**Exercise inputs:**
++++++++++
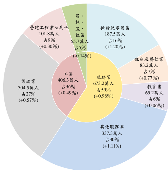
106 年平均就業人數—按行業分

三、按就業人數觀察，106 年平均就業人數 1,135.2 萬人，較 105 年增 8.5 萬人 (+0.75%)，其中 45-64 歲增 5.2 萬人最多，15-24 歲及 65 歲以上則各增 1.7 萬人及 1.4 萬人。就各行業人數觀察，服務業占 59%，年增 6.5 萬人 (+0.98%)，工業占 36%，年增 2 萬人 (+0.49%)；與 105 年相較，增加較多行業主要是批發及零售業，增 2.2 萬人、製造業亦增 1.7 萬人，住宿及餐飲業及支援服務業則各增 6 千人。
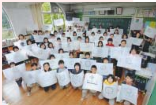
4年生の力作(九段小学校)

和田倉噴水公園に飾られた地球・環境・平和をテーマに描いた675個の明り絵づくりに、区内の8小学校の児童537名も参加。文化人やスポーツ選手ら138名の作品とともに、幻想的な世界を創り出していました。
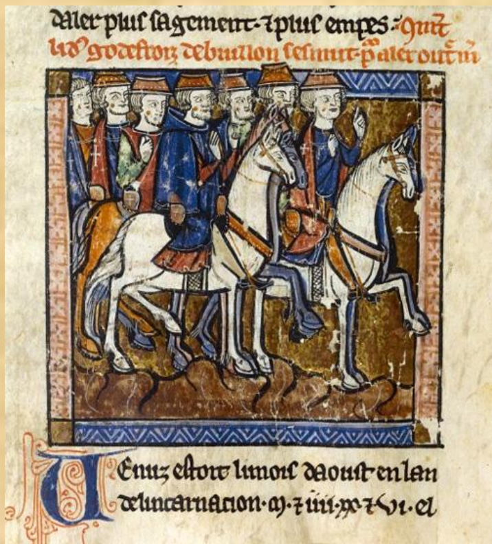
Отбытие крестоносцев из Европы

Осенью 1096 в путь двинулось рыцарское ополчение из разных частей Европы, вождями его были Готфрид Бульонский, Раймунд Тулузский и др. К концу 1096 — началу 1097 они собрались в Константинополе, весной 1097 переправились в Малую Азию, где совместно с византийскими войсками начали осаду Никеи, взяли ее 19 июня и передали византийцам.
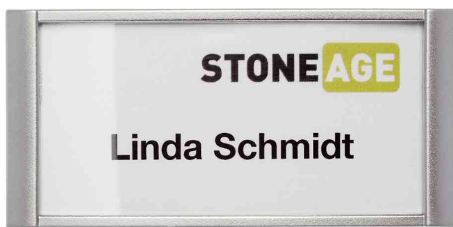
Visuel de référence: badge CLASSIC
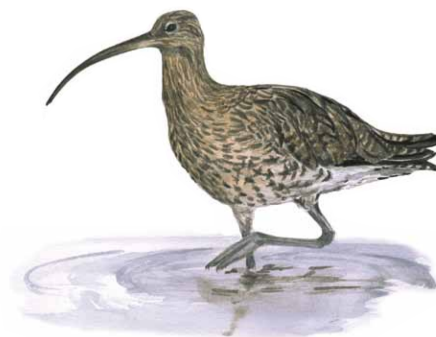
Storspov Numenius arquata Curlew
++++++++++
**What is being asked:** Please repeat every line from the listing above exactly as it appears. Drop the pictures.

**Output:**
106 年平均就業人數—按行業分

三、按就業人數觀察，106 年平均就業人數 1,135.2 萬人，較 105 年增 8.5 萬人 (+0.75%)，其中 45-64 歲增 5.2 萬人最多，15-24 歲及 65 歲以上則各增 1.7 萬人及 1.4 萬人。就各行業人數觀察，服務業占 59%，年增 6.5 萬人 (+0.98%)，工業占 36%，年增 2 萬人 (+0.49%)；與 105 年相較，增加較多行業主要是批發及零售業，增 2.2 萬人、製造業亦增 1.7 萬人，住宿及餐飲業及支援服務業則各增 6 千人。
4年生の力作(九段小学校)

和田倉噴水公園に飾られた地球・環境・平和をテーマに描いた675個の明り絵づくりに、区内の8小学校の児童537名も参加。文化人やスポーツ選手ら138名の作品とともに、幻想的な世界を創り出していました。
Отбытие крестоносцев из Европы

Осенью 1096 в путь двинулось рыцарское ополчение из разных частей Европы, вождями его были Готфрид Бульонский, Раймунд Тулузский и др. К концу 1096 — началу 1097 они собрались в Константинополе, весной 1097 переправились в Малую Азию, где совместно с византийскими войсками начали осаду Никеи, взяли ее 19 июня и передали византийцам.
Visuel de référence: badge CLASSIC
Storspov Numenius arquata Curlew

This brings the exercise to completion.